**PROBLEM STATEMENT:** Among the entries below, only the lines from the one with "Tickling the inner" through the one with "Фильтр жидкого топлива" are wanted, reproduced exactly. Pictures are not wanted.

**DATA TO USE:**
────────────────
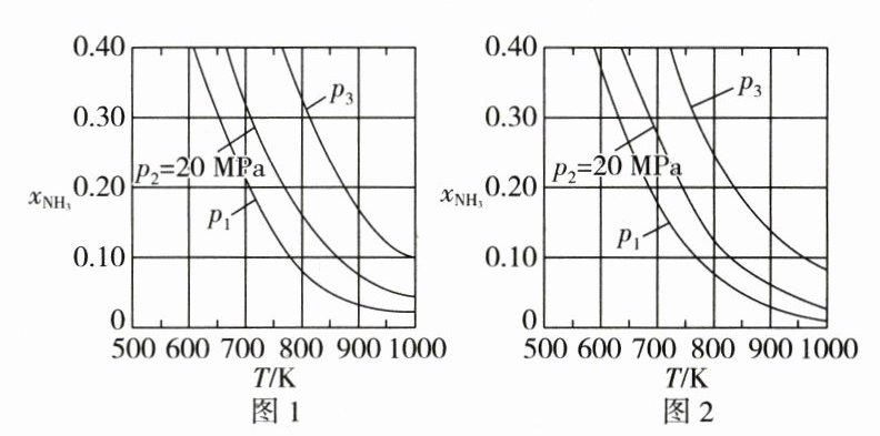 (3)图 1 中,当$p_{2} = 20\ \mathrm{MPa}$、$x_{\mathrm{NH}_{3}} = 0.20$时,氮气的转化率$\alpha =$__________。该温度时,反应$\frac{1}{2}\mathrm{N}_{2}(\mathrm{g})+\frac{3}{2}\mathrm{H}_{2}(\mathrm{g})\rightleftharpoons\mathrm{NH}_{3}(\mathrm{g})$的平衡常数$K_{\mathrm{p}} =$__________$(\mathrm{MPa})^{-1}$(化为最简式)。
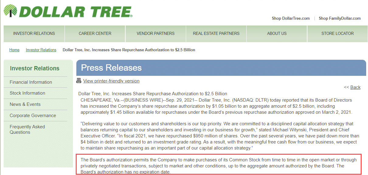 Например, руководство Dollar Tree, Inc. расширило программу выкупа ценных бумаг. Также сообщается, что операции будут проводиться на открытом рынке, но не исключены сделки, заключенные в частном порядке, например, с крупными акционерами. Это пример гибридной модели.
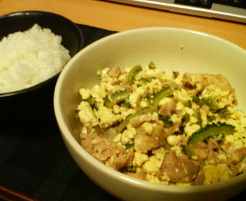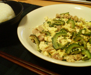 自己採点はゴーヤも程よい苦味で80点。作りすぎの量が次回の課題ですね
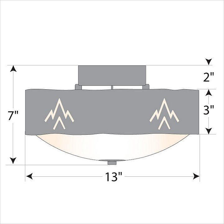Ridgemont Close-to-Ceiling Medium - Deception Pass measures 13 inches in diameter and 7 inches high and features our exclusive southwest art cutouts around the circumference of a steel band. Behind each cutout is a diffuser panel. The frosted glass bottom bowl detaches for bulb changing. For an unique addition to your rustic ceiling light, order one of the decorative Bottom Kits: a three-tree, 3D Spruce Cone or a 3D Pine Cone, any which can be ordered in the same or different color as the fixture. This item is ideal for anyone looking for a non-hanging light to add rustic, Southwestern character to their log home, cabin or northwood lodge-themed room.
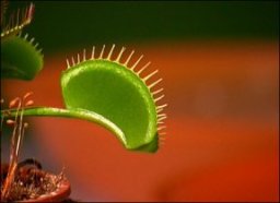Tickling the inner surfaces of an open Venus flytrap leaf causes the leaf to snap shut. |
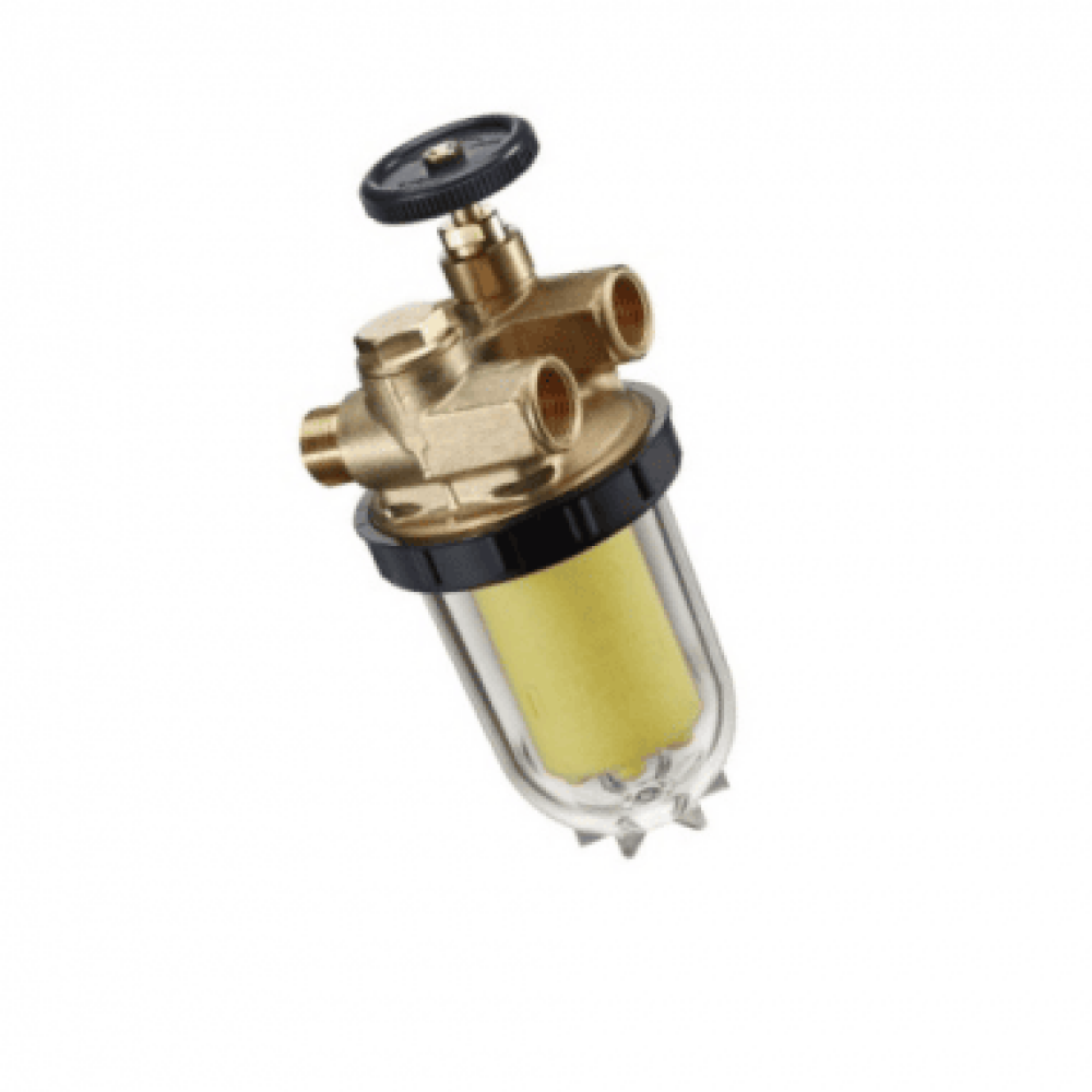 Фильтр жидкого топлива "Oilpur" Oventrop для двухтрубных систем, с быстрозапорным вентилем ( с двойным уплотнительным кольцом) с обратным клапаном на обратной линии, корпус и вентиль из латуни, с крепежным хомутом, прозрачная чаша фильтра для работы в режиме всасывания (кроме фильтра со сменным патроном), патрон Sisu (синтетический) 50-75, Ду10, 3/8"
────────────────
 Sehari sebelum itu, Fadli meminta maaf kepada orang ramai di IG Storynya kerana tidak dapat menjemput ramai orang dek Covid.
────────────────
**RESPONSE TO THE EXERCISE:**
Tickling the inner surfaces of an open Venus flytrap leaf causes the leaf to snap shut. |
 Фильтр жидкого топлива "Oilpur" Oventrop для двухтрубных систем, с быстрозапорным вентилем ( с двойным уплотнительным кольцом) с обратным клапаном на обратной линии, корпус и вентиль из латуни, с крепежным хомутом, прозрачная чаша фильтра для работы в режиме всасывания (кроме фильтра со сменным патроном), патрон Sisu (синтетический) 50-75, Ду10, 3/8"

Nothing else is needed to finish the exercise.